_MATERIAL SHOWN:_
----------------
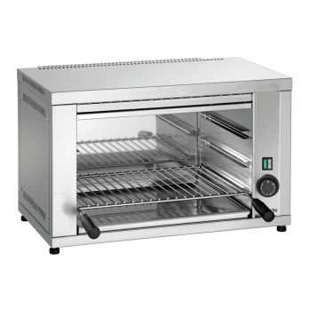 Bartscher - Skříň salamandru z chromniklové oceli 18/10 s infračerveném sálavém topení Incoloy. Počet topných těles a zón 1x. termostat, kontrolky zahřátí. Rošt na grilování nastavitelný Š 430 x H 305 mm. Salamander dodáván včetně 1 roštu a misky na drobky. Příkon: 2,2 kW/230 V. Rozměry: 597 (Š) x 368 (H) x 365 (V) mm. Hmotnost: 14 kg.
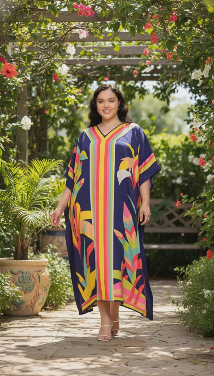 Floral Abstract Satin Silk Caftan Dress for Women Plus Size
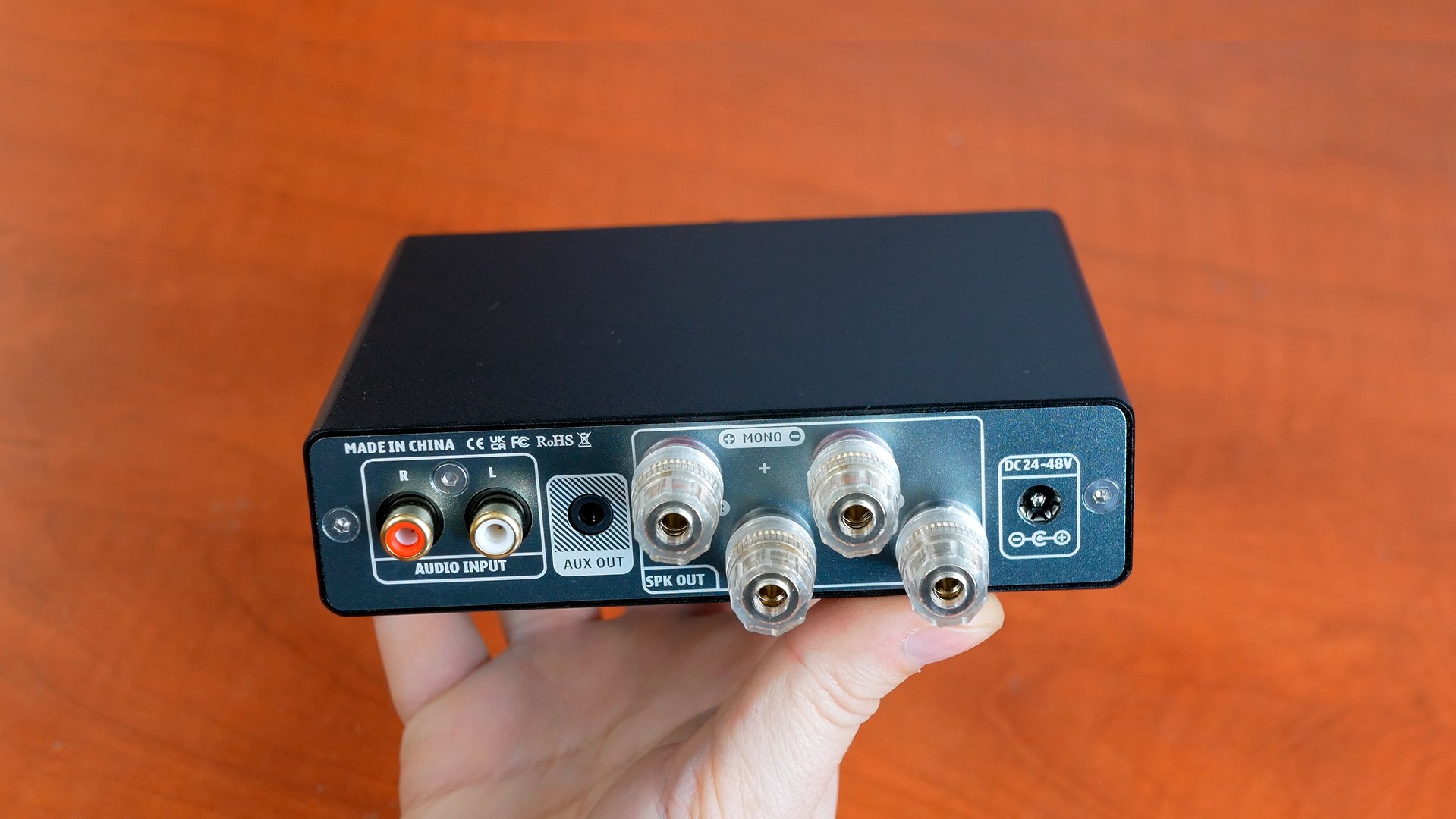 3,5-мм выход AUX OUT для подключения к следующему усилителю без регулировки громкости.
----------------
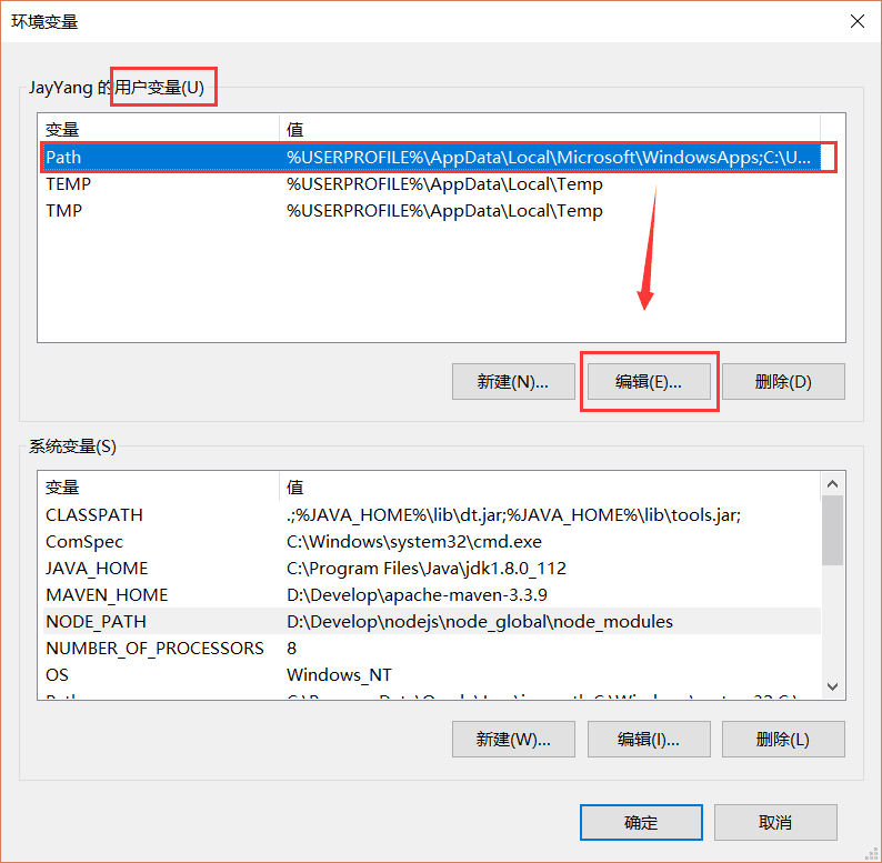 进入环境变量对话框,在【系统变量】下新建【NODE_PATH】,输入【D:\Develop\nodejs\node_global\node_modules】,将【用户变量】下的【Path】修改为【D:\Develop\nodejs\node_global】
----------------
_EXERCISE BRIEF:_ With the pictures omitted, print the lines above exactly, beginning at the line with "Bartscher - Skříň" and going on through the line with "3,5-мм выход AUX".

_TASK OUTPUT:_
 Bartscher - Skříň salamandru z chromniklové oceli 18/10 s infračerveném sálavém topení Incoloy. Počet topných těles a zón 1x. termostat, kontrolky zahřátí. Rošt na grilování nastavitelný Š 430 x H 305 mm. Salamander dodáván včetně 1 roštu a misky na drobky. Příkon: 2,2 kW/230 V. Rozměry: 597 (Š) x 368 (H) x 365 (V) mm. Hmotnost: 14 kg.
 Floral Abstract Satin Silk Caftan Dress for Women Plus Size
 3,5-мм выход AUX OUT для подключения к следующему усилителю без регулировки громкости.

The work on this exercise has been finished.